(Source records)
»»

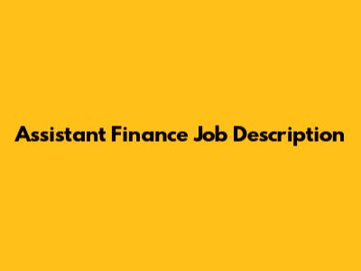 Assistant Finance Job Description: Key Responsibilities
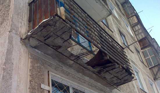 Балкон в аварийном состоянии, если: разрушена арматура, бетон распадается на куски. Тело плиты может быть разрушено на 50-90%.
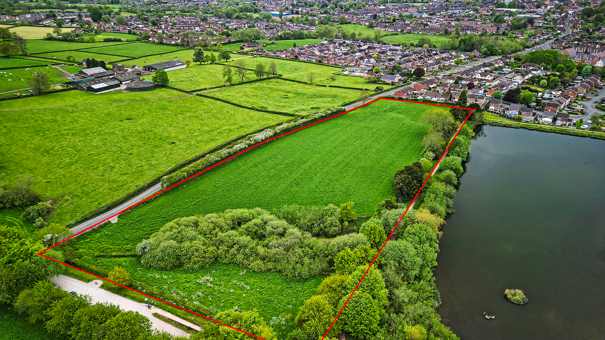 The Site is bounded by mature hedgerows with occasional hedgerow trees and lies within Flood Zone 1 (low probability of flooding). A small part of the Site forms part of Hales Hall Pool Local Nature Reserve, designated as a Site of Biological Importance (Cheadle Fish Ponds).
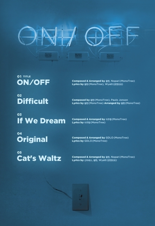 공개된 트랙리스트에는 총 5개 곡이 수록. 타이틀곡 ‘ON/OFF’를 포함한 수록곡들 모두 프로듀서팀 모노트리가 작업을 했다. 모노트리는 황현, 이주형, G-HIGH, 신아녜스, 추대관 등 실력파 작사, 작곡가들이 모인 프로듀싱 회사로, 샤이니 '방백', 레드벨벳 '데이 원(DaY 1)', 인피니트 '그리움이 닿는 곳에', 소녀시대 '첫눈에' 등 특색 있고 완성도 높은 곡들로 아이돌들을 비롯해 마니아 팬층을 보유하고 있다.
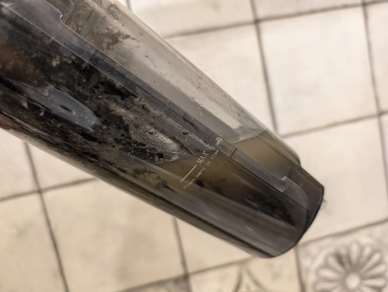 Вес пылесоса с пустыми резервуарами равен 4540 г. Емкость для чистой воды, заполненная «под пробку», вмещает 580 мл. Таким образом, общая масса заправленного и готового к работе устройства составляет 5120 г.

««

Activity
Exactly as they stand, retype all the entries, but omit the pictures.

Answer section
 Assistant Finance Job Description: Key Responsibilities
 Балкон в аварийном состоянии, если: разрушена арматура, бетон распадается на куски. Тело плиты может быть разрушено на 50-90%.
 The Site is bounded by mature hedgerows with occasional hedgerow trees and lies within Flood Zone 1 (low probability of flooding). A small part of the Site forms part of Hales Hall Pool Local Nature Reserve, designated as a Site of Biological Importance (Cheadle Fish Ponds).
 공개된 트랙리스트에는 총 5개 곡이 수록. 타이틀곡 ‘ON/OFF’를 포함한 수록곡들 모두 프로듀서팀 모노트리가 작업을 했다. 모노트리는 황현, 이주형, G-HIGH, 신아녜스, 추대관 등 실력파 작사, 작곡가들이 모인 프로듀싱 회사로, 샤이니 '방백', 레드벨벳 '데이 원(DaY 1)', 인피니트 '그리움이 닿는 곳에', 소녀시대 '첫눈에' 등 특색 있고 완성도 높은 곡들로 아이돌들을 비롯해 마니아 팬층을 보유하고 있다.
 Вес пылесоса с пустыми резервуарами равен 4540 г. Емкость для чистой воды, заполненная «под пробку», вмещает 580 мл. Таким образом, общая масса заправленного и готового к работе устройства составляет 5120 г.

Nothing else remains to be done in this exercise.